◆ **Input material**:
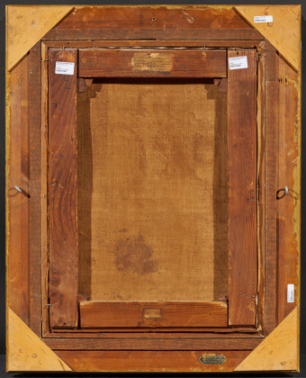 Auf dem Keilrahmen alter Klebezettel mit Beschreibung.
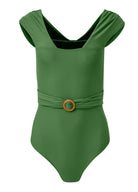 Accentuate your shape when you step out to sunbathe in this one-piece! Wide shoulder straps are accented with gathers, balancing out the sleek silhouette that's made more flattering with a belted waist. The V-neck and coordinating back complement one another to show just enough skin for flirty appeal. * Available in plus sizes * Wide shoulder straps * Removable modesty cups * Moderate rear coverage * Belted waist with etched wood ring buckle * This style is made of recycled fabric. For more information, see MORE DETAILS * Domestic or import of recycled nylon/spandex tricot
* * *
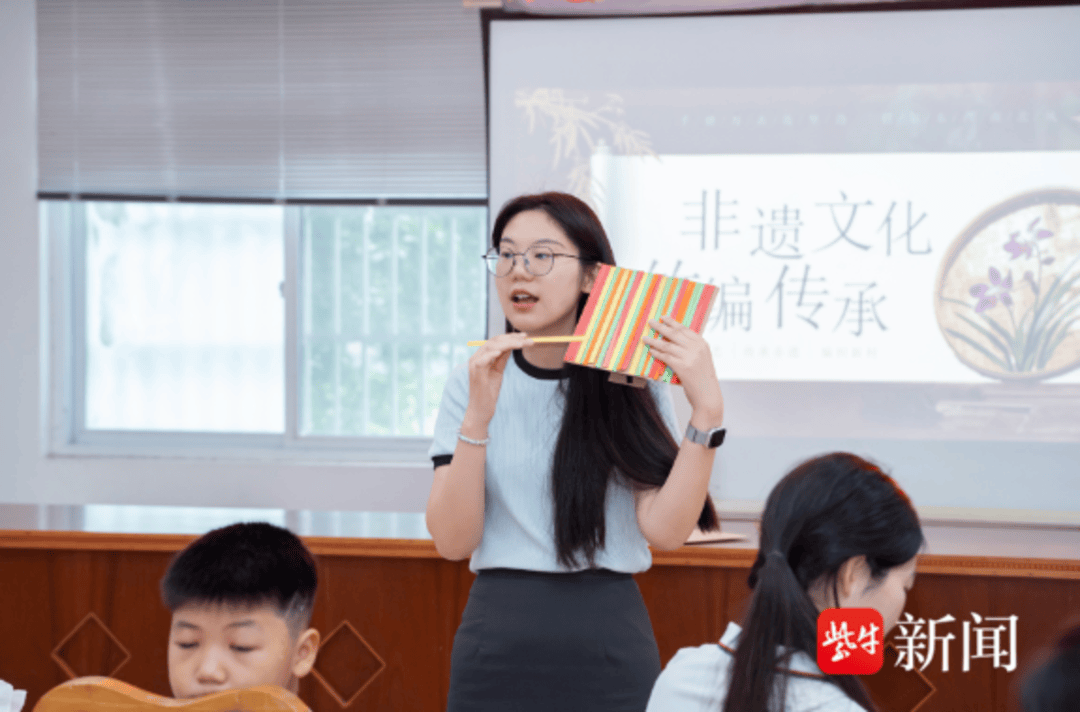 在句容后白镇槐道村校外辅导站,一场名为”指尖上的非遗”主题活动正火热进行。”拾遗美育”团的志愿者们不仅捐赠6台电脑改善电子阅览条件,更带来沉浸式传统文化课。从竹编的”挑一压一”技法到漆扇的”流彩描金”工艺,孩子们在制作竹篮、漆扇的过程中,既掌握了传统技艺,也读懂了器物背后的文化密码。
...
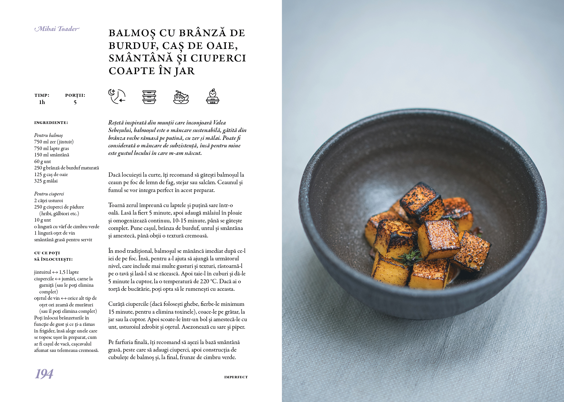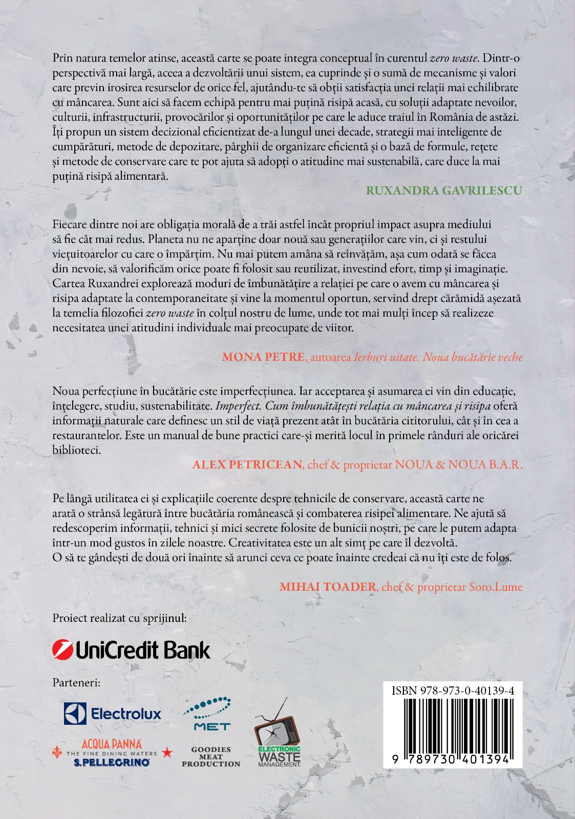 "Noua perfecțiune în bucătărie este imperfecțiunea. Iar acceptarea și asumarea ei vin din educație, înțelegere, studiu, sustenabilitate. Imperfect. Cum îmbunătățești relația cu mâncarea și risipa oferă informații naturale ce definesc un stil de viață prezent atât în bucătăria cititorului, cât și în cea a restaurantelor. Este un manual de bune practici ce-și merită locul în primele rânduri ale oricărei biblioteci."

◆ **What needs to be done**: What's needed is an exact copy of the records above from the line containing "Auf dem Keilrahmen" down to the line containing "Accentuate your shape", both included, without any pictures.

◆ **Solution for this exercise**:
 Auf dem Keilrahmen alter Klebezettel mit Beschreibung.
 Accentuate your shape when you step out to sunbathe in this one-piece! Wide shoulder straps are accented with gathers, balancing out the sleek silhouette that's made more flattering with a belted waist. The V-neck and coordinating back complement one another to show just enough skin for flirty appeal. * Available in plus sizes * Wide shoulder straps * Removable modesty cups * Moderate rear coverage * Belted waist with etched wood ring buckle * This style is made of recycled fabric. For more information, see MORE DETAILS * Domestic or import of recycled nylon/spandex tricot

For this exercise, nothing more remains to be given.